What needs to be done
Exactly the lines from the one containing "Dachgeschoss: Ihren Ausblick" through the end of the listing must make up the answer, with no pictures included.

Information
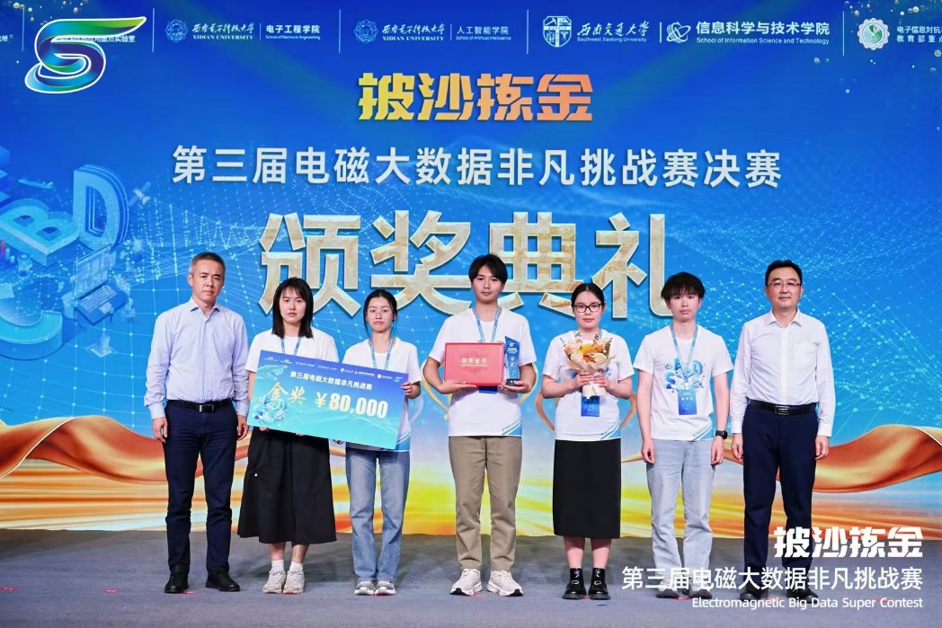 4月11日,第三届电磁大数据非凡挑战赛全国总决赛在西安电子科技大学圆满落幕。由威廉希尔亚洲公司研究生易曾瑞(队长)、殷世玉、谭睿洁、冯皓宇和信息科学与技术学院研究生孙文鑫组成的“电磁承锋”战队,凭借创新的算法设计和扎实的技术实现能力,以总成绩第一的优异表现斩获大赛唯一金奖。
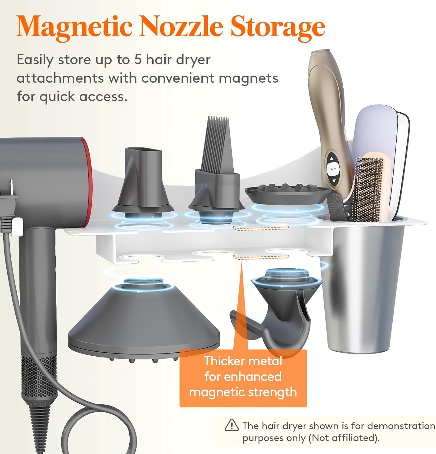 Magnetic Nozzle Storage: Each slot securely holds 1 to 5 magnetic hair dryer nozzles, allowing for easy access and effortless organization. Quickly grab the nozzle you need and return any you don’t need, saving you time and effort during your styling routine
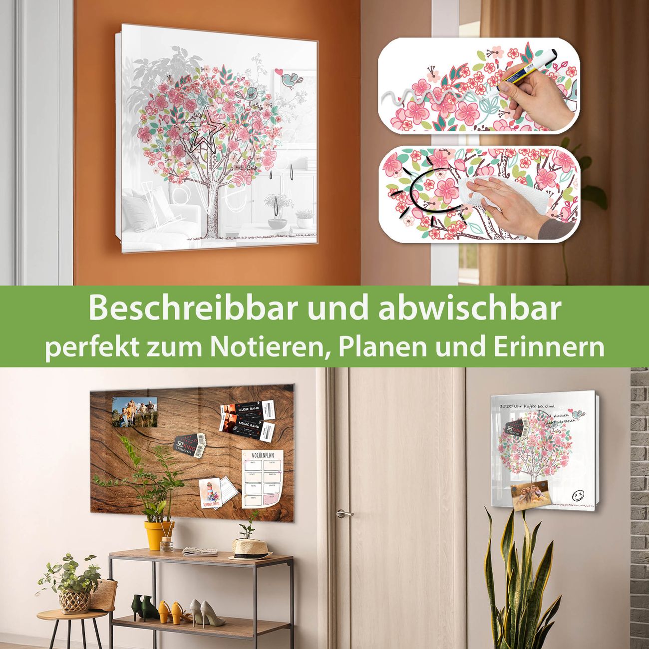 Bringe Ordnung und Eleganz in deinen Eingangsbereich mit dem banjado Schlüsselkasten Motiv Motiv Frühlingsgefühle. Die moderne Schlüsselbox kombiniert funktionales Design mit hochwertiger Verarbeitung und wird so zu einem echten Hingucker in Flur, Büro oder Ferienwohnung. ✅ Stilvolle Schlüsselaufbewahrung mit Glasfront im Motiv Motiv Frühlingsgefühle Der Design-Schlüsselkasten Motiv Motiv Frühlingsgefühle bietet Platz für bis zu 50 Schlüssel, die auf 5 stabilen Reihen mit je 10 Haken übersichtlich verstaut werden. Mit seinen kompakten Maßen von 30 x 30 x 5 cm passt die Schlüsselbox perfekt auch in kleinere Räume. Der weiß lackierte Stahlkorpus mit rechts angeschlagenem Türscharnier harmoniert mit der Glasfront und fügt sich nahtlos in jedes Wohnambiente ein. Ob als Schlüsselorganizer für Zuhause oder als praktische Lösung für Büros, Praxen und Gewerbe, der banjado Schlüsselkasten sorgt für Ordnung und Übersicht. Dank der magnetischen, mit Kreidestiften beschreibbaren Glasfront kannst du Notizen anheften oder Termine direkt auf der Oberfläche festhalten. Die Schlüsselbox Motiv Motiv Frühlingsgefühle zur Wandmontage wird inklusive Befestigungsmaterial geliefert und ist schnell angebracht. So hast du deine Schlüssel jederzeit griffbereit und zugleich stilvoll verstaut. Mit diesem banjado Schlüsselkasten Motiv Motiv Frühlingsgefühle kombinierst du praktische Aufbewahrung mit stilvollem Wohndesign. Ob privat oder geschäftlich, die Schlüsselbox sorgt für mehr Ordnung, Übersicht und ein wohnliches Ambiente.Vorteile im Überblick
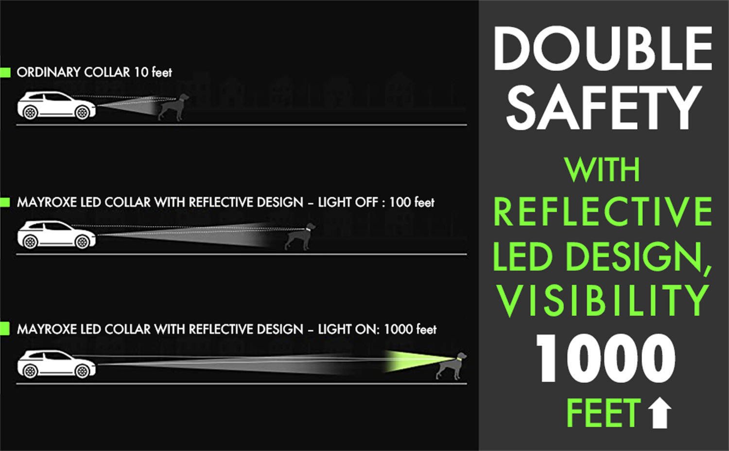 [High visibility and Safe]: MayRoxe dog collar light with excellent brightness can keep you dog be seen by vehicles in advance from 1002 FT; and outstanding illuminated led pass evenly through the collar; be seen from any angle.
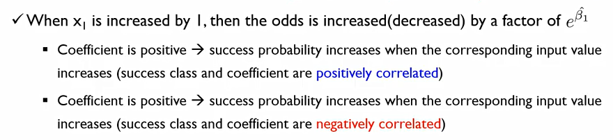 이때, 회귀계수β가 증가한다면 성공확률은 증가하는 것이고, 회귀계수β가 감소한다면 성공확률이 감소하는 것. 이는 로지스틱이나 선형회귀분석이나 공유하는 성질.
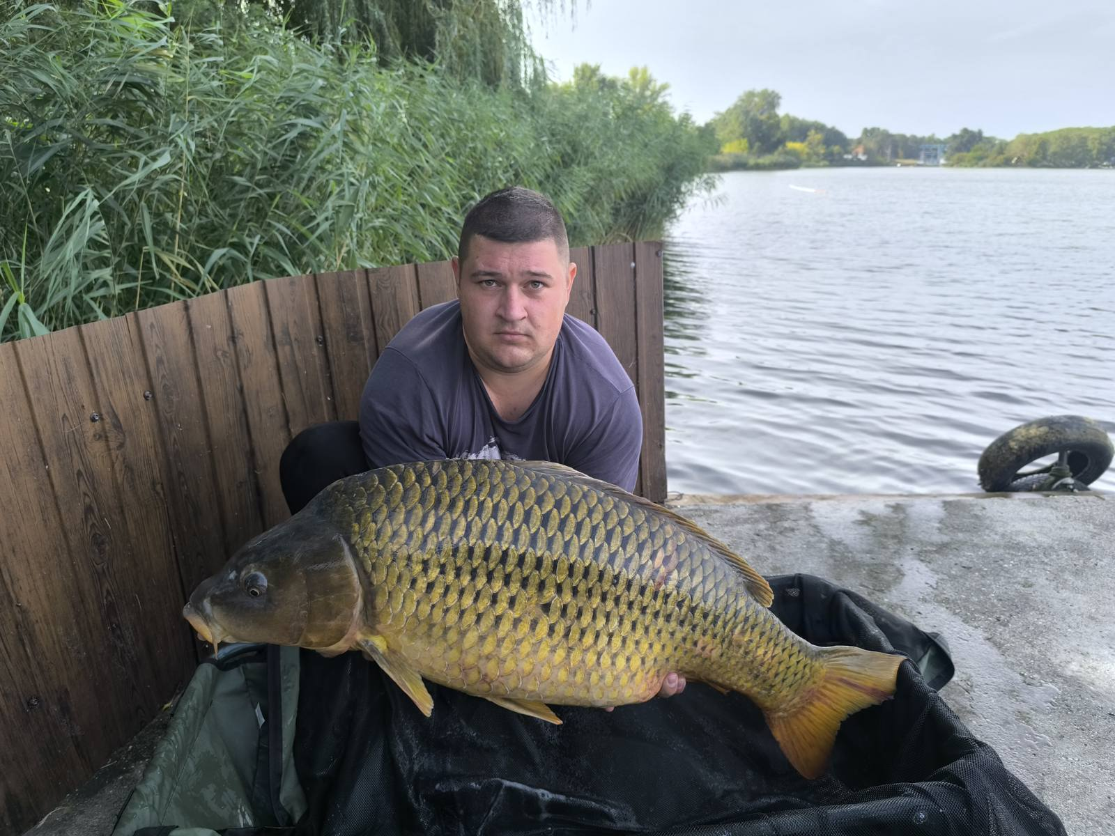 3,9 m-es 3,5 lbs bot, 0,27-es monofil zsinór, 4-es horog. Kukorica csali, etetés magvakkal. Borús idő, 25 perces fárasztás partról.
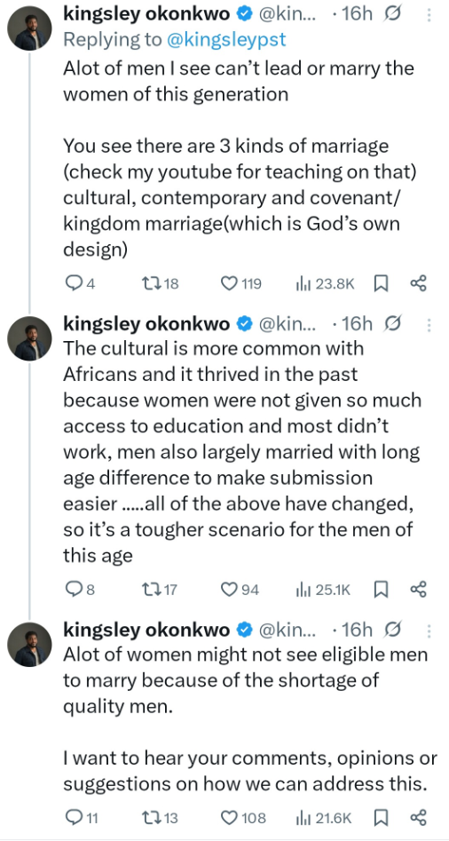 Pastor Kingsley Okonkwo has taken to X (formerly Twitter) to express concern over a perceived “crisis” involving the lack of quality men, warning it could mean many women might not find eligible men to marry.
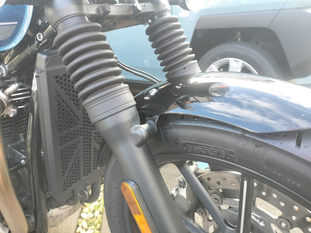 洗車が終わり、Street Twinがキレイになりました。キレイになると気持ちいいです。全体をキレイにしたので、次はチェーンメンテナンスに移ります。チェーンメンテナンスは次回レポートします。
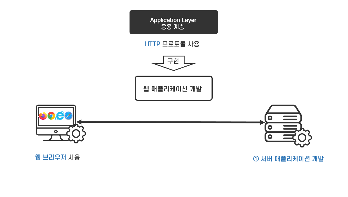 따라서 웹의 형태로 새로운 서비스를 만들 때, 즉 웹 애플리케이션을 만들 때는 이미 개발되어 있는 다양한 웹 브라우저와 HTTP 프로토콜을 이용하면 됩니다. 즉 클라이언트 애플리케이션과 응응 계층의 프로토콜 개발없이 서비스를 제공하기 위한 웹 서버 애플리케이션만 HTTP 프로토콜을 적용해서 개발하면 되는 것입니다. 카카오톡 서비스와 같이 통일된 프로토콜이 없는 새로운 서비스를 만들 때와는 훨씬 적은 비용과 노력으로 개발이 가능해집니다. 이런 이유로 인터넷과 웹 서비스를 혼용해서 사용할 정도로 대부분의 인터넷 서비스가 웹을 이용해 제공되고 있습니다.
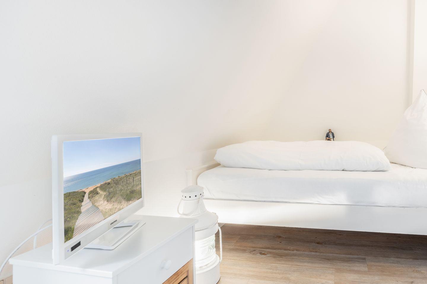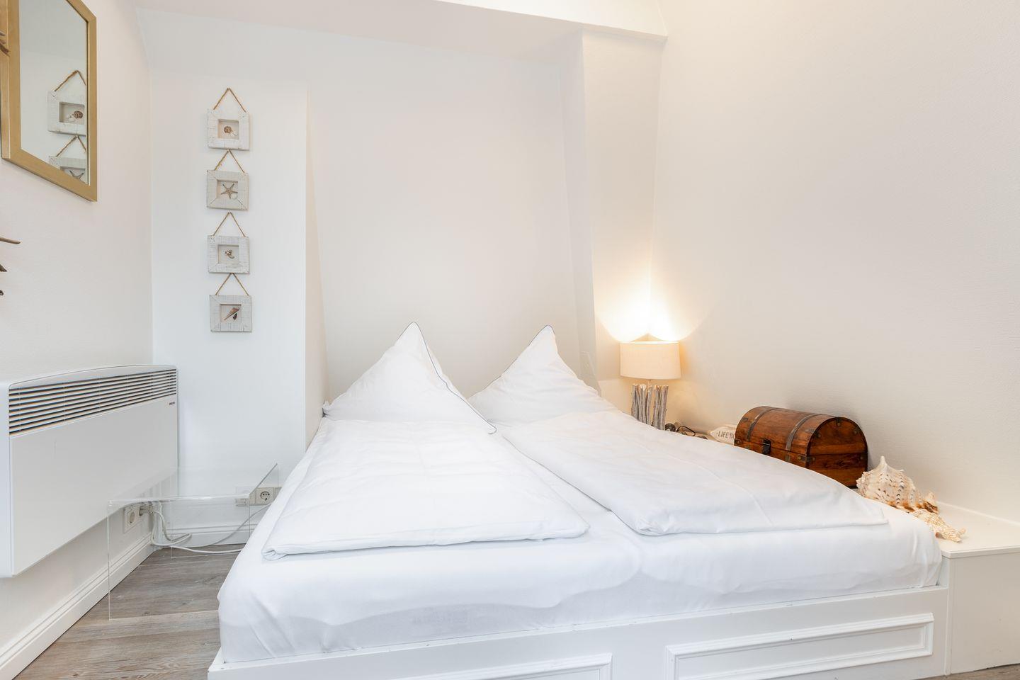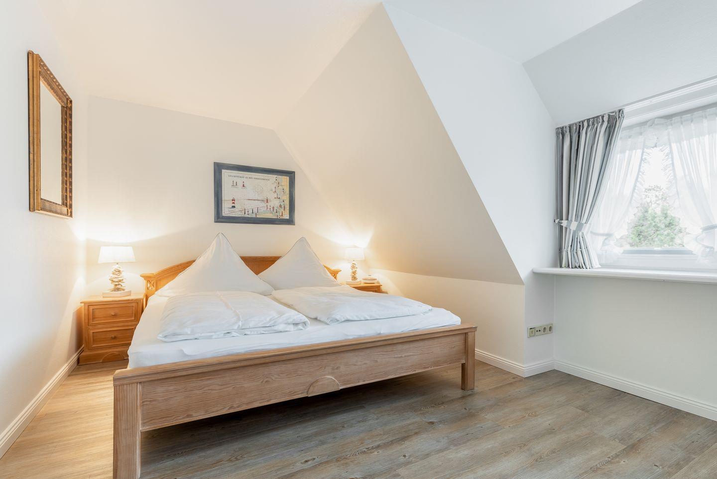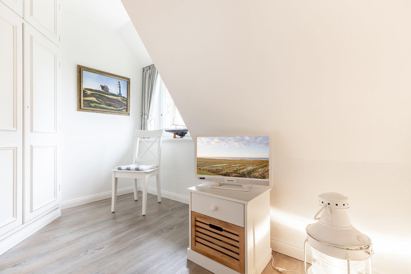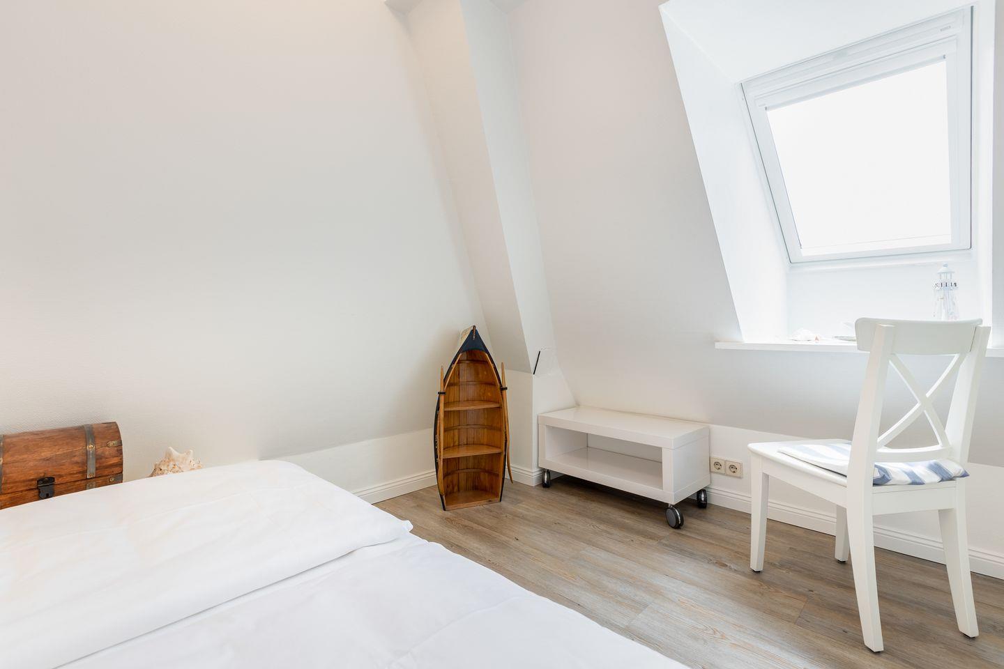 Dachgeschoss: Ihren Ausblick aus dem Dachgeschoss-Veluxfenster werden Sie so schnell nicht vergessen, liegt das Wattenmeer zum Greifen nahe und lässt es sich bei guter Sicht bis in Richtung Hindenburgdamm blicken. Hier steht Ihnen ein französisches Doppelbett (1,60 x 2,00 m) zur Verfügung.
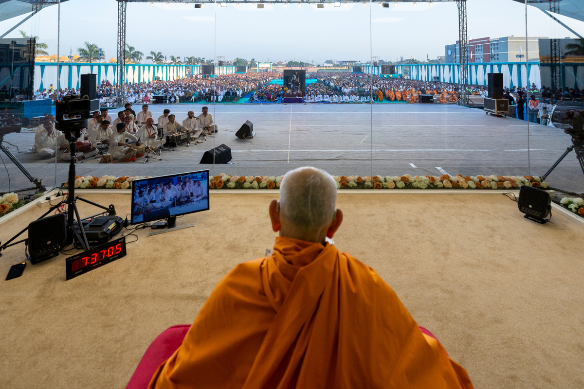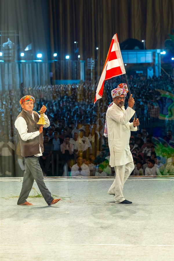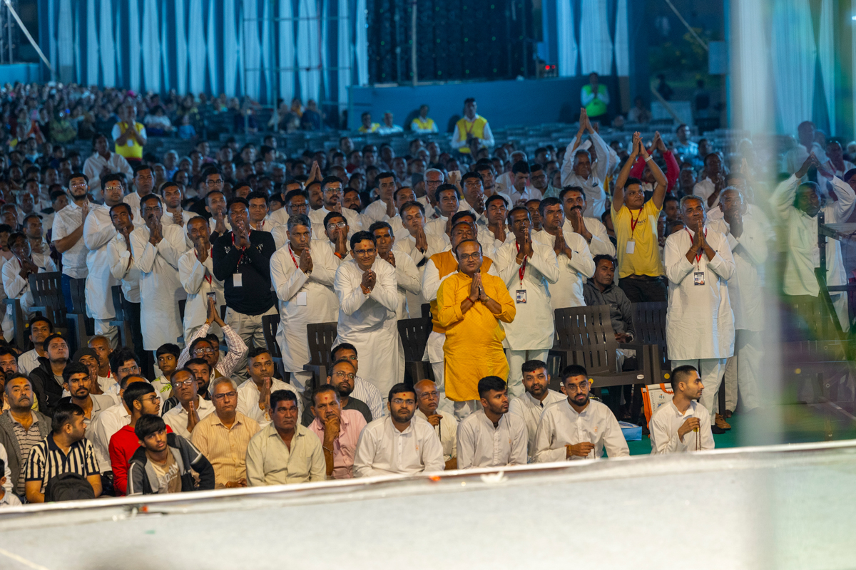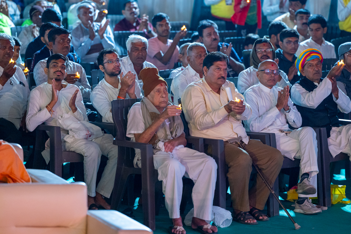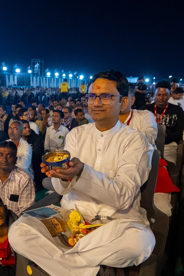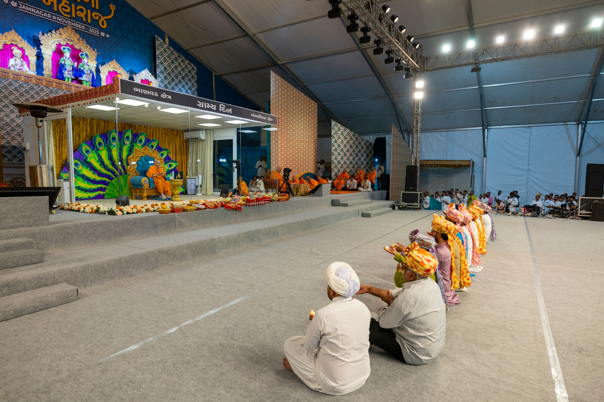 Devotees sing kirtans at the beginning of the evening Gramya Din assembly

Result
 Dachgeschoss: Ihren Ausblick aus dem Dachgeschoss-Veluxfenster werden Sie so schnell nicht vergessen, liegt das Wattenmeer zum Greifen nahe und lässt es sich bei guter Sicht bis in Richtung Hindenburgdamm blicken. Hier steht Ihnen ein französisches Doppelbett (1,60 x 2,00 m) zur Verfügung.
 Devotees sing kirtans at the beginning of the evening Gramya Din assembly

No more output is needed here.